The latest to give the nod to Cao, Richmond’s vanquished major opponent in the Democrat primary, state Rep. Juan LaFonta, vaguely echoed Richmond’s ethical difficulties – rules violation, loss of law license, arrest, alleged steering of state money to favored organizations – that electronic media and Cao have publicized in recent weeks. It bears noting that the men also have been rivals for power besides with this office in the Legislature, such as over the leadership and direction of the Legislative Black Caucus, and that, should Cao win, LaFonta could be calculating Cao would be easier to defeat in the coming years should he wish to try again.
But Richmond’s reaction to LaFonta’s endorsement appeared to be that of an unconfident candidate.
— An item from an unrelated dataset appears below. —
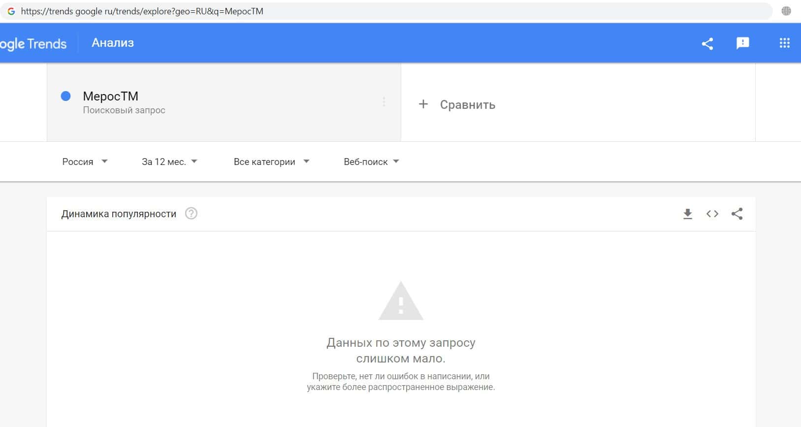 Мы решили проверить количество запросов компании разводил Мерос ТМ в Google по названию фирмы, а именно "MerosTM". Данный запрос пользователи не выполняли целый год.

He claimed Cao and LaFonta had been working together from the start, “sharing supporters, advisors, and consultants,” and that LaFonta “has never supported the president [Barack Obama].”
Neither charge can be backed by evidence. Looking at LaFonta’s voting record in the state House, it couldn’t be any more similar to Obama’s preferences, and LaFonta has defended Obama’s policies many times, such as on health care. Further, a review of both Cao’s and LaFonta’s campaign expenditures for over the past year shows, except for using the same office supplier and airline, no entities received any funds from both candidates. Finally (and having to eyeball hundreds of these means I may have missed something), there appear to be not a single common donor to the men’s campaigns in that year leading up to the primary election.
The non-factual content and air of desperation leaking from Richmond’s reaction can indicate he’s worried about the impact of LaFonta’s statement. This means, despite all odds, Cao continues to have a significant chance to hang onto his seat.